EXERCISE DETAILS ▸ For the entries below, return the line holding "- Önce balığı" together with all lines after it, unchanged, and leave every picture out.

GIVEN INFORMATION ▸

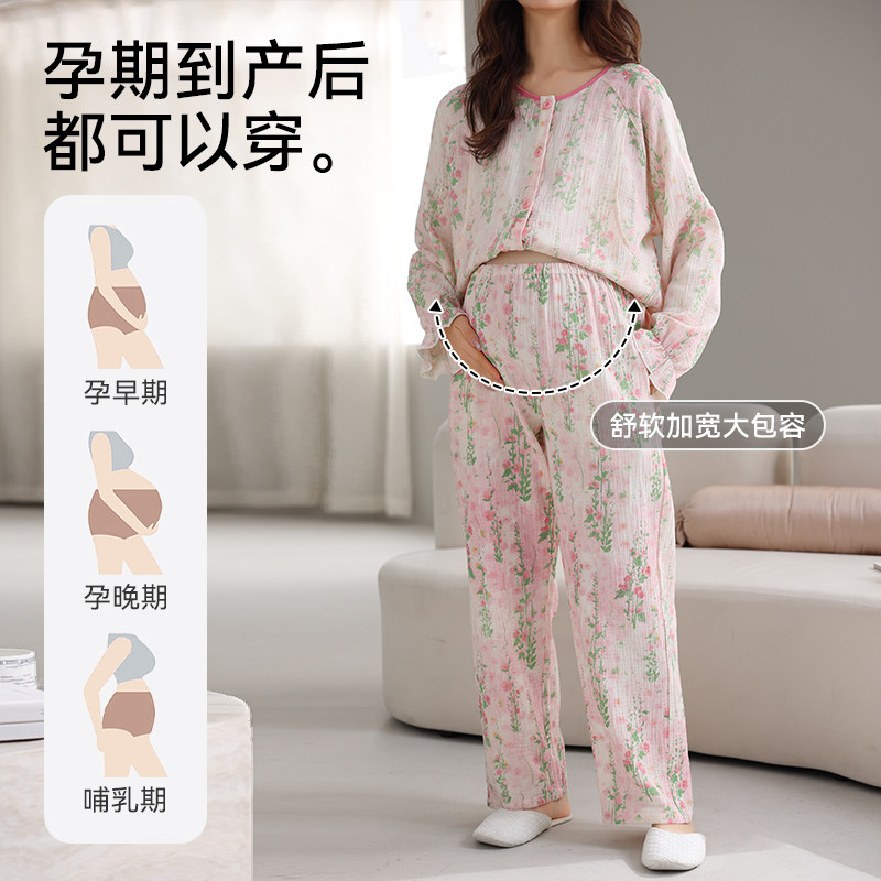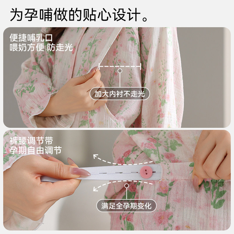 婧麒孕妇睡衣纯棉纱布月子服可调节孕期产妇怀孕期家居服套装女
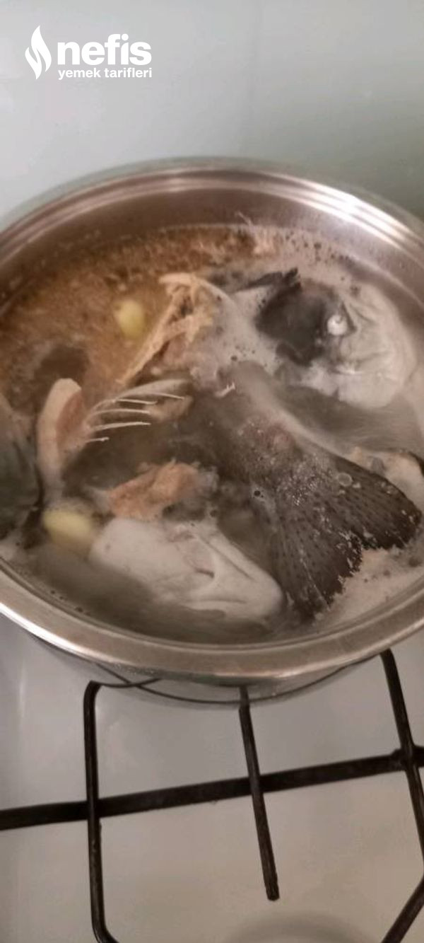 - Önce balığı temizleyin tüm olarak bir tencereye alın, iki diş sarımsak ve defne yaprağı ve bol su ile (ki ben çorbanın tüm suyunu balık suyu kullanıyorum) haşlayın.
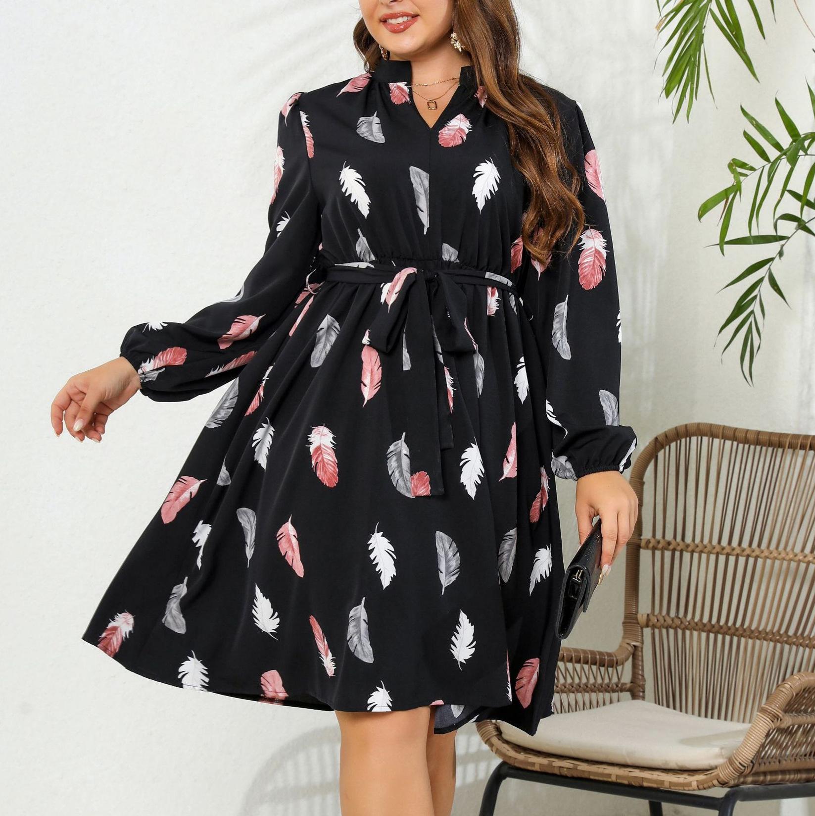 Осеннее женское платье с длинным рукавом и принтом, элегантные платья больших размеров 1XL чёрный
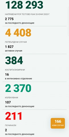 Активните случаи са 1 827, което също е ръст спрямо вчера. Това сочи справката на Единния информационен портал, обновен преди минути с данните от изследваните през вчерашния 25 юни, видя ПИК.
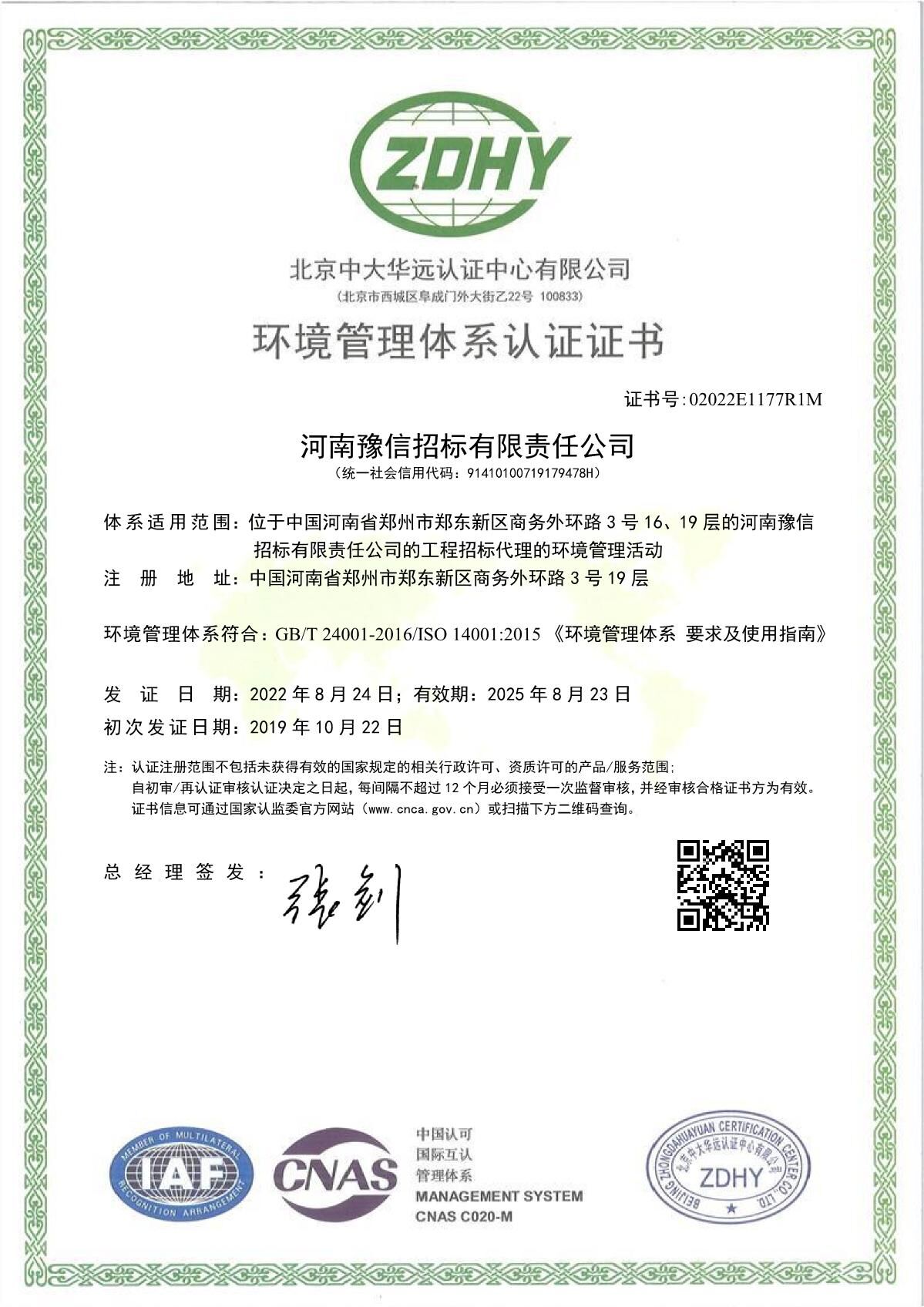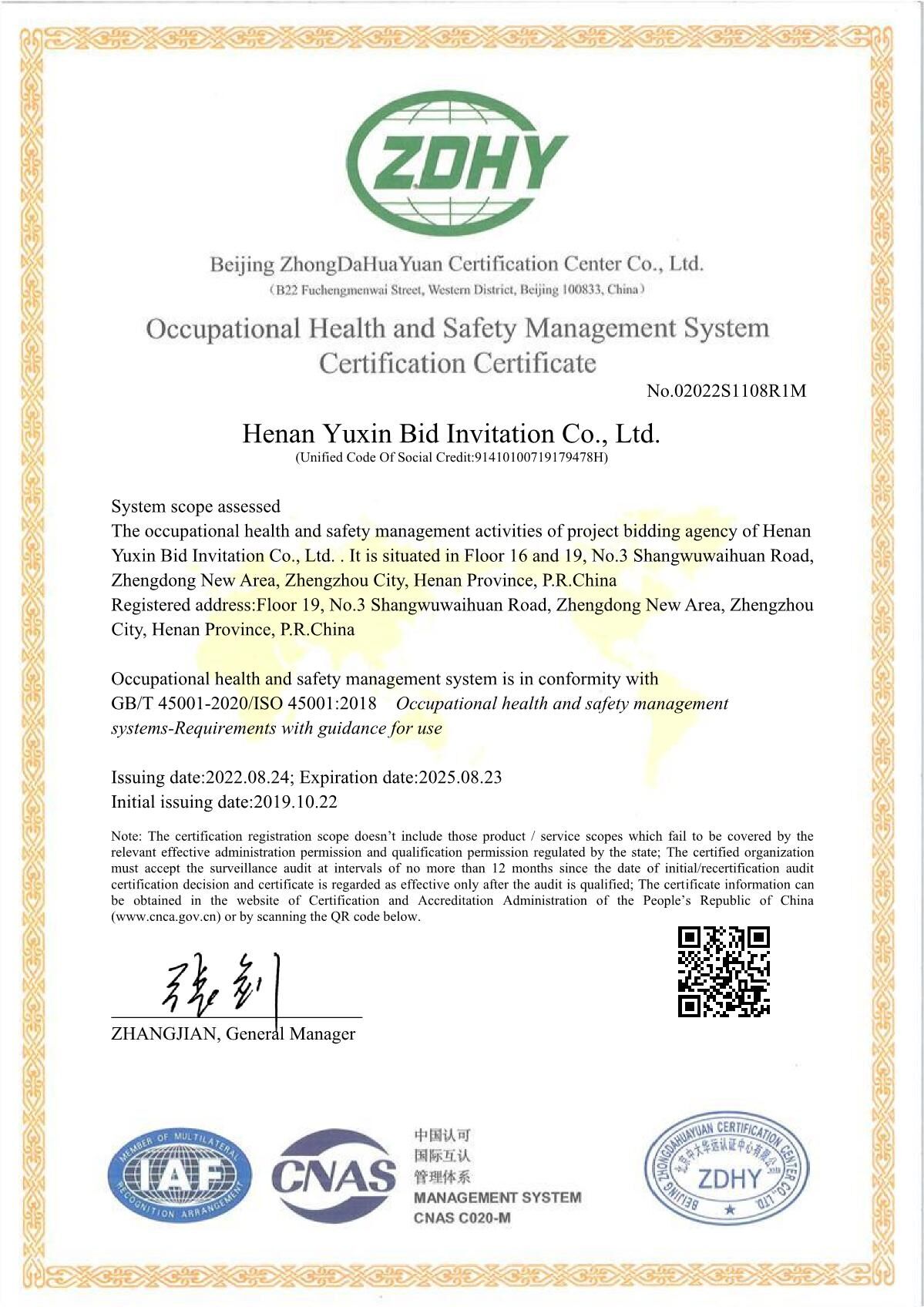 河南豫信招標(biāo)有限責(zé)任公司OHSMSSMS中文證書 -

YOUR SOLUTION ▸
 - Önce balığı temizleyin tüm olarak bir tencereye alın, iki diş sarımsak ve defne yaprağı ve bol su ile (ki ben çorbanın tüm suyunu balık suyu kullanıyorum) haşlayın.
 Осеннее женское платье с длинным рукавом и принтом, элегантные платья больших размеров 1XL чёрный
 Активните случаи са 1 827, което също е ръст спрямо вчера. Това сочи справката на Единния информационен портал, обновен преди минути с данните от изследваните през вчерашния 25 юни, видя ПИК.
 河南豫信招標(biāo)有限責(zé)任公司OHSMSSMS中文證書 -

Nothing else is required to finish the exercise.